Our minisymposium on February 22nd featured eight speakers spanning three continents and many time zones. Despite some technical glitches, we held great discussion and chats, clearly demonstrating how community members are eager to connect to one another despite the physical limitations of the pandemic. Below we briefly summarize aspects of the presentations.
Catherine Musselman from Colorado University, Anschutz, CO, USA, described recent work on probing histone tail conformations in different reporter systems captured by NMR and their relation to genome signalling. The specificity and selectivity of these interactions in reporter systems, including bromodomains (BD) for acetylation and methylation, in various contexts led her lab to suggest that selectivity is defined by the accessibility of the modified histone tails, direct recognition of the tails, and multivalent binding potential of each tail for different post-translational modifications (Morrison et al. 2018).
Garegin (Garyk) Papoian from University of Maryland, Baltimore, MD, USA, summarized what his group has contributed for over a decade on the energy landscapes, elasticity, and nucleosome structures from various modeling studies that combine concepts in mathematics, physics, biology and chemistry. These investigations provide mechanistic insights into chromatin compaction in the nucleus, acetylated nucleosome structures (where the group noted increased cohesive interactions in a cumulative manner, H4/K16 excepted), and structures and dynamics of modified nucleosomes (e.g., by linker histone or CENP-A, an H3 substitution) (Wu et al. 2021).

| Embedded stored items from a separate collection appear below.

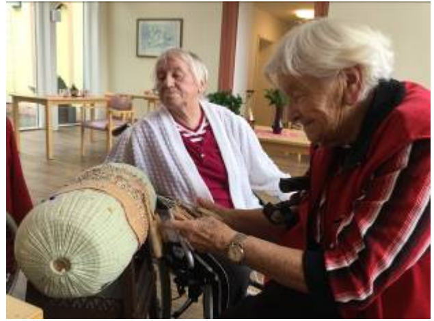
Unser neues Betreuungsangebot, klöppeln. Eine wahre Freude...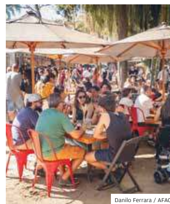
Atrações. Mais de 25 bares

COMIDA. Entre os dias 14 e 16 de abril, o Parque Vicentina Aranha recebeu o Festival +Gastronomia, promovido pelo Destination São José dos Campos, entidade sem fins lucrativos. Com mais de 25 operações gastronômicas de bares e restaurantes da região, o evento contou com shows musicais, intervenções, bate-papos e outras atrações.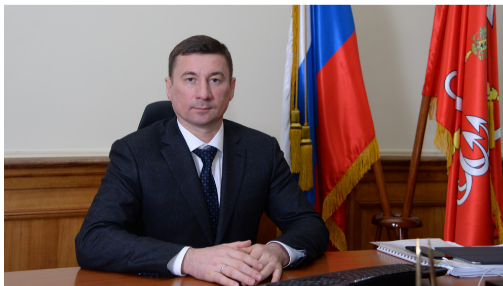
Глава администрации Петроградского района И.А. Громов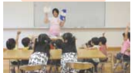
子どもたちも笑顔の大切さを学びました

遊びながら 子育てを 学びましょ う 銚田市女性連絡協議会では、 お子さんの健康管理などに関する アドバイスや、親子で楽しめる 催しを開催しています。 問 銚田市女性連絡協議会 ☎32-2951 大槻 宛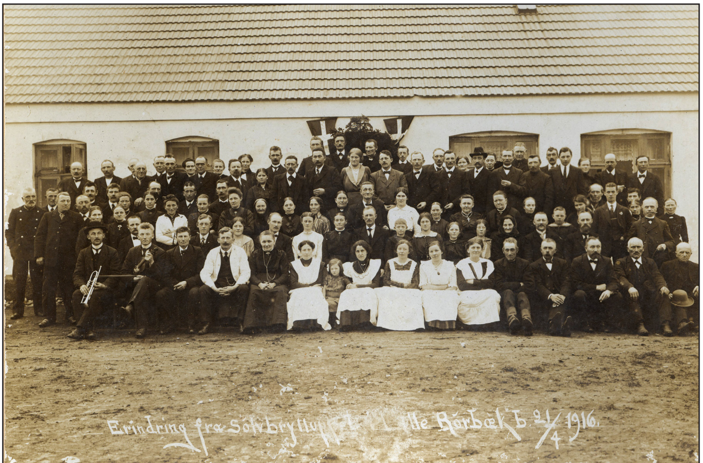
Solvbryllup - Lille Rørbæk 1916 I forreste række spillemand og serveringspersonale.

man traditionerne til langt op i tiden. I andre sog- ne og bymiljøer ændredes festsikke- ne hurtigere og fulgte tidens trend. Der er dog mange beretninger fra Himmerland fra omkring 1. verdenskrig og læn- gere frem, der sagtens kan tangere traditioner, der er optegnet i sidste halvdel af 1800-tallet. Festerne i det gamle landbosamfund havde to vigtige aktører, nemlig skafferen og spillemanden. Skafferen organi- serede mange steder festen eks. et bryllup. Han stod for invitationer til brudeparrets familie og nærmeste venner. Spisning og bordopstilling skulle planlæg- ges, der skulle laves aftaler med kokekone og serve- ringspersonale. I gammel tid blev der ofte afleveret madvarer og naturalier fra naboer og venner til brug for festen, og det skulle der planlægges ud fra. Nogle gange blev der også lånt porcelæn og service hos na- boerne.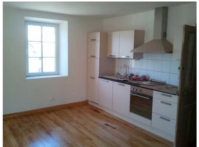
Cuisine intégrée du 1 er appartement.

Un second appartement est en cours de création.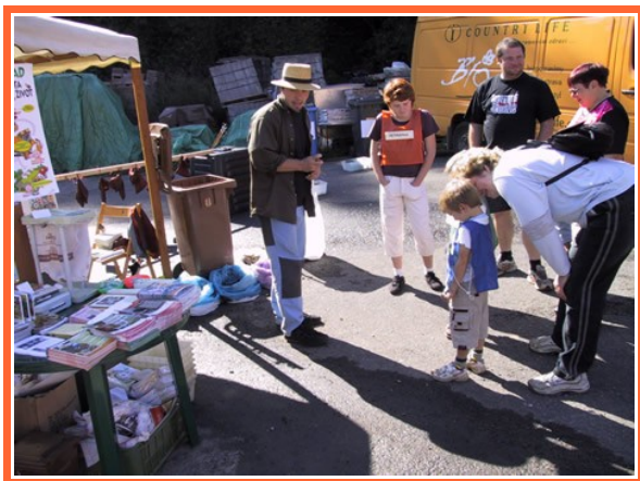
Ilustrace 2: Infostan Nenačovice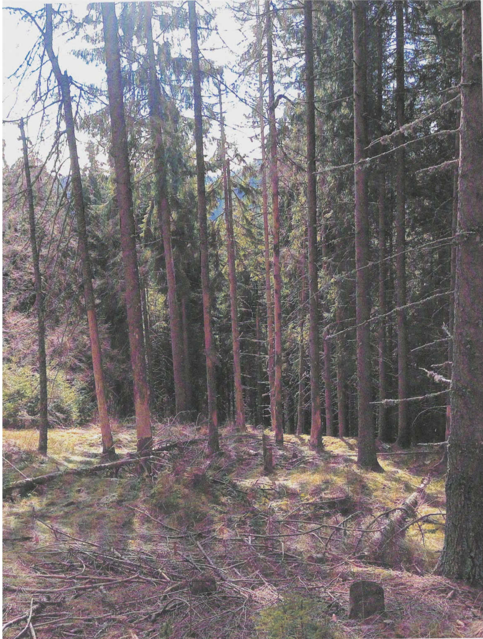
UPI Aries Mare ua 64B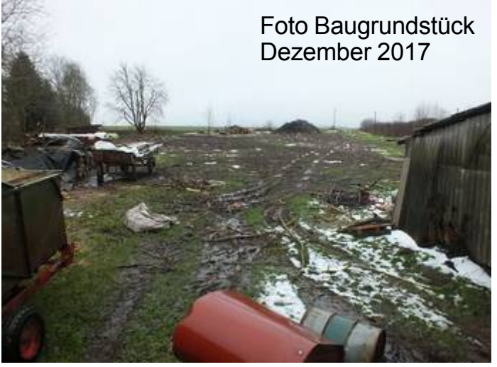
Foto Baugrundstück Dezember 2017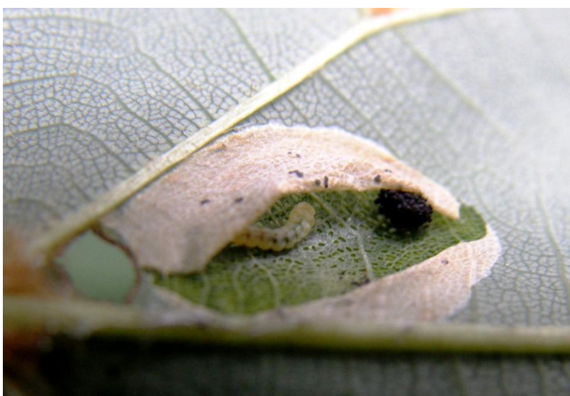
Slika 9 Mina s gusjenicom lipinog moljca minera

Lipin moljac miner vrsta je lisnog минера iz porodice Gracillariidae, potporodice Lithocolletinae opisana na otoku Hokaidu u Japanu, ali je poslije nađena i na drugim otocima Japana, u Koreji i istočnom dijelu Kine. Domaćini su joj vrste iz roda Tilia . U Europi su to uglavnom sitnolisna lipa, velelisna lipa ( T. platyphyllos Scop.) i T. x euchlora .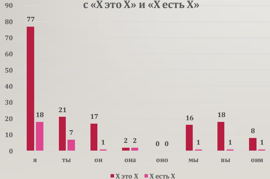
Рис. 1 Распределение примеров с «X это X» и «X есть X»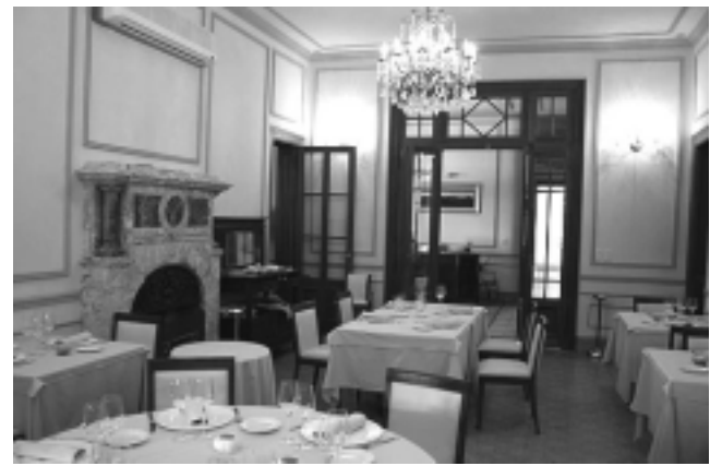
El lujoso hotel rural «La Pampeana», ubicado sobre la Ruta Nacional N° 188, ofrece un menú gourmet para celebrar su segundo aniversario.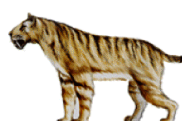
Tigre à dents de sabre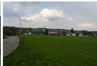
Rue de l'Eau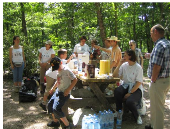
Pique-nique à la Forêt de Sivens (81)

Le tout, en une journée, dans une super ambiance et avec le soleil ! « Va falloir faire aussi bien la prochaine fois », disent les participants. Mais quelle pression !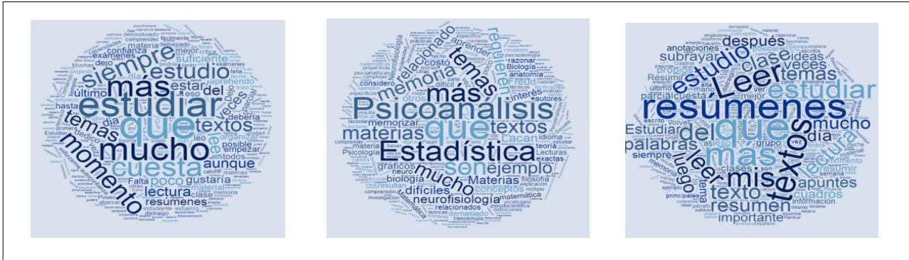
Figura 1. Nube de palabras, preguntas uno a tres ordenadas de izquierda a derecha. Pregunta 1: ¿Qué autocrítica tienes como estudiante?; pregunta 2: ¿Qué tipo de lecturas/temas/materias de la carrera te resultan más difíciles para estudiar?; pregunta 3: ¿Qué acciones/estrategias te resultan más exitosas en el estudio de las materias universitarias?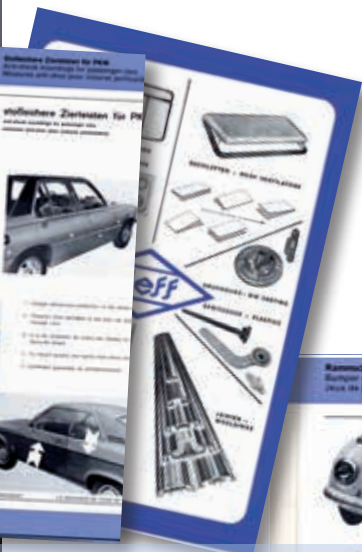
Prospektblätter der 60er und 70er

The entire workforce operating together as one team, with all the administrative and technical departments forming a single entity, each complementing the other.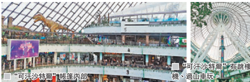
“可汗沙特爾”帳篷內部

之城。城市建築風格更是令人驚喜，也表現出一種多元文化並存的氣息。阿斯塔納城市的老區和新區以伊希姆河為界，北側是古老的，前蘇聯時代的建築，而南部則是政府區和紀念碑，各式各樣特色建築在市內崛起；所以參觀特色建築物必然成為遊覽這個城市的重要節目。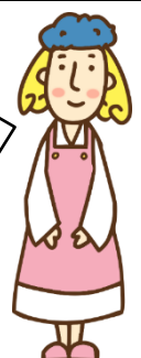
いいな・まこせんせい

長与町の子育て情報をたくさん掲載しています！ 左のQRコードから、ぜひご覧ください！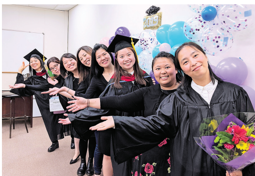
■這是耶和華所定的日子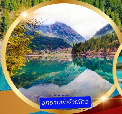
อุทยานจิวโจโกว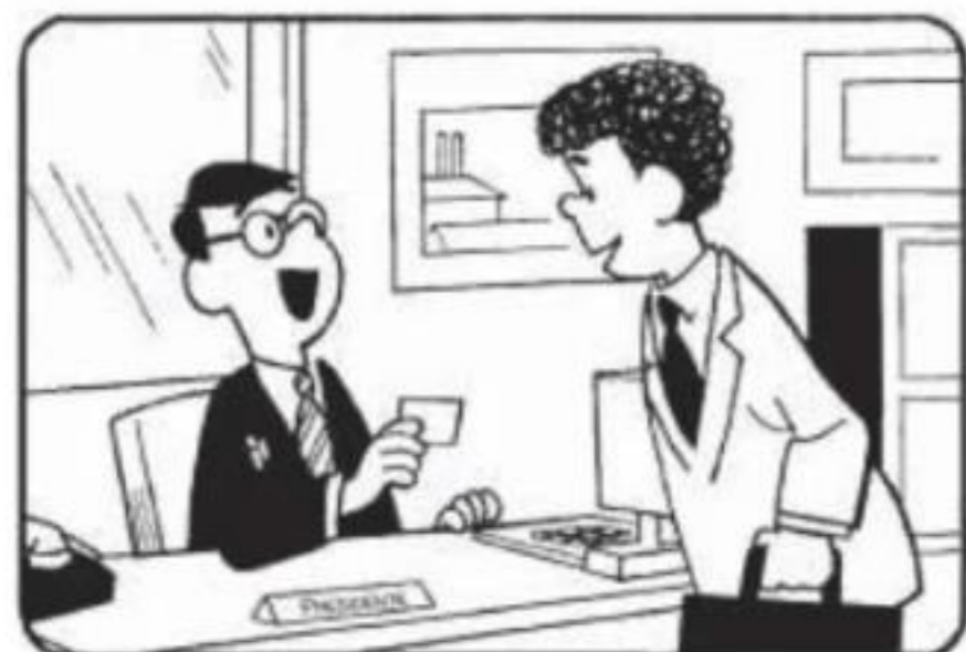
Diferencias 1. El teléfono está movido. 2. La tarjeta es más grande. 3. La corbata es distinta. 4. Falta la silla. 5. La mano está movida. 6. La ventana es más estrecha.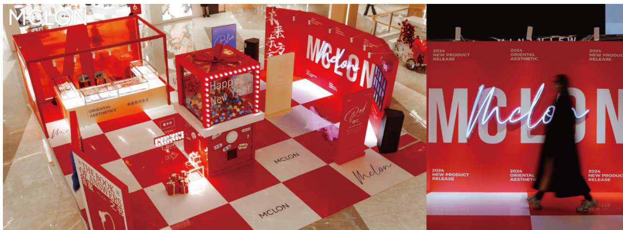
公司品牌渠道巡展

公司深耕线下业务，持续优化渠道结构，加快布局省外加盟门店。公司开店策略是在核心城市的核心商圈开设直营店，其他地方拓展加盟。目前公司已布局 9 省 2 市，公司拓展省外加盟市场，建立以省级加盟代理为枝干，市级加盟代理为补充的全国加盟开发网络，聚焦省外门店增长，通过产品结构的优化、运营精细化管理和门店优化，浙江省外门店收入大幅增长，利润增长。2023 年新开拓市场主要集中在公司优势区域，将网点布局“做深、做透、做强”，形成“护城河”。同时在部分市场进行终端渠道优化升级，增设区域标杆项目。积极吸收行业内优秀客户，以加盟为主拓深网点“密度”；更加强化成熟市场占有率。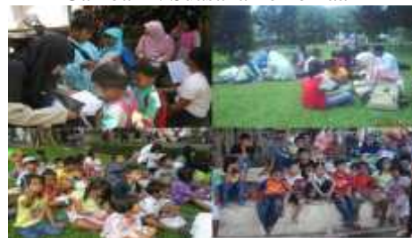
Gambar 2: Suasana Pembinaan

Anak jalanan, sama seperti anak-anak pada umumnya yang membutuhkan pendidikan untuk bekal masa depan. Oleh dari itu, untuk pembinaan anak jalanan, ada beberapa LSM yang dengan suka rela menampung anjal untuk belajar menulis, membaca, mengaji dan banyak kegiatan lainnya. Salah satu LSM yang memfasilitasi pendidikan bagi anak jalanan adalah Griya Baca. Griya Baca merupakan wadah bagi anjal yang diurus oleh para mahasiswa dari berbagai universitas di Kota Malang. Kegiatan pembinaan dilakukan pada sore hari setiap hari Selasa dan Sabtu.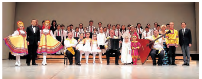
昨年11月に開催した、「ロシア歌と踊りのアンサンブル」で

さらに、常陸太田市と秋田県仙北市の3市で結んだ、連携交流都市提携10周年にもあたり、各都市と記念事業を随時開催する予定です。企画調整課国際交流担当☎(888)5464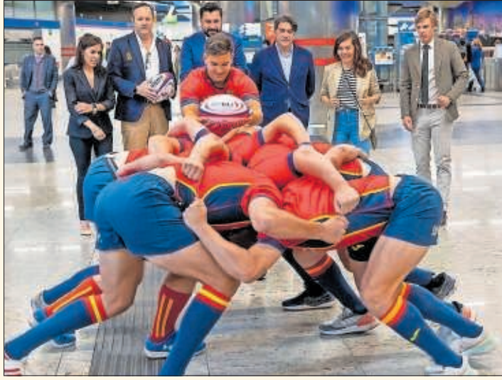
Los jugadores realizan una melé en el Metro de Madrid.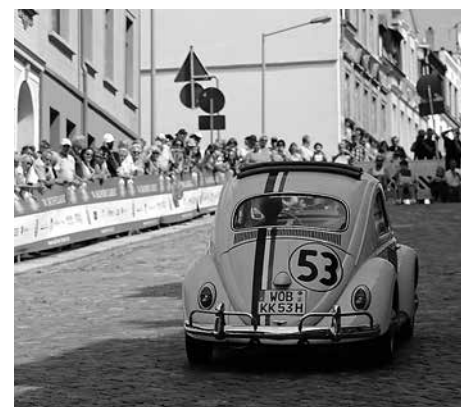
Am 17. August 2017 kommt die 15. Sachsen Classic wieder nach Meerane!

Von der Steilen Wand aus führt die Tour über Dittich (12:30 Uhr) zum Schloss Rabenstein und über Chemnitz und den Sachsenring wieder zurück nach Zwickau.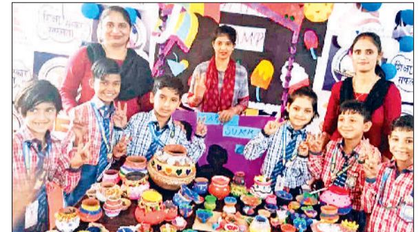
महेंद्रगढ़। बच्चों द्वारा बनाए गए मिट्टी के बर्तन व अन्य सामान।

शुरू कर दिया गया है। वहीं पिछले सप्ताह ठेकेदार की ओर से मुख्य बाजार की सड़क का भी निर्माण कार्य शुरू किया गया था, लेकिन नपा चेयरमैन व दुकानदारों ने ठेकेदार पर घंटिया साग्रणी का उपयोग करने का आरोप लगाते हुए निर्माण कार्य रूकवा दिया गया था। यह मार्ग दो महाविद्यालय, मांडल संस्कृतिक स्कूल, 148-बी से जोड़ता है। इसके अलावा यह मार्ग 50 से अधिक गांवों को शहर से जोड़ता है। दिनभर इस मार्ग से हजारों की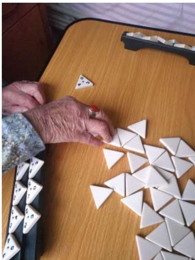
Jeu de société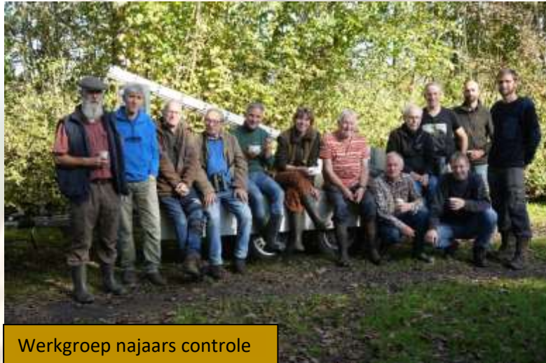
Werkgroep najaars controle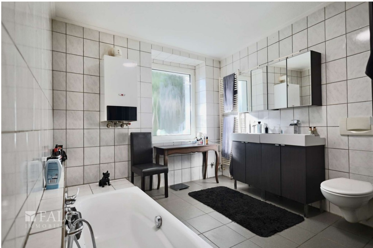
Badezimmer WE 2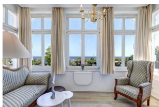
Blick in die Veranda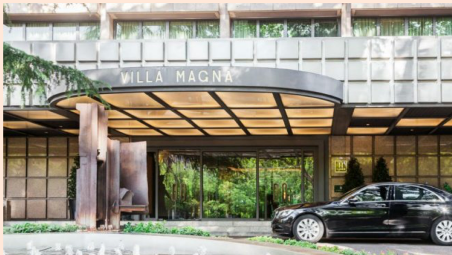
Hotel Villamagna de Madrid

Lars Nordenskiöld from Nanyang Technical University, Singapore, presented the unusual properties of telomeric chromatin. Such systems are biologically and medically important because these segments protect DNA ends in chromosomes and are linked to cancer. Structurally they are largely uncharacterized. His group’s work on telomeric chromatin by crystallography, NMR, SAXS, and Cryo-EM experiments reveals similar architecture in telomeric nucleosomes to the 145-bp canonical nucleosomes, with flexible TA and TT steps, enabling a well-defined DNA path. Nordenskiöld highlighted pronounced DNA deformations (in roll, slide, twist and shift), which are outliers from general DNA steps, as well as well-known acidic patch interactions. SAXS studies revealed a highly dynamic telomeric particle, with unwrapped DNA at the ends. Reconstituted telomeric chromatin fibers exhibit heterogeneity of nucleosome spacing and occupancy. Further, a telomeric tetranucleosome displayed a columnar structure with the dinucleosome unit showing strong stabilization by histone tails, which can help recruit chromatin modifying factors (Soman et al. 2020).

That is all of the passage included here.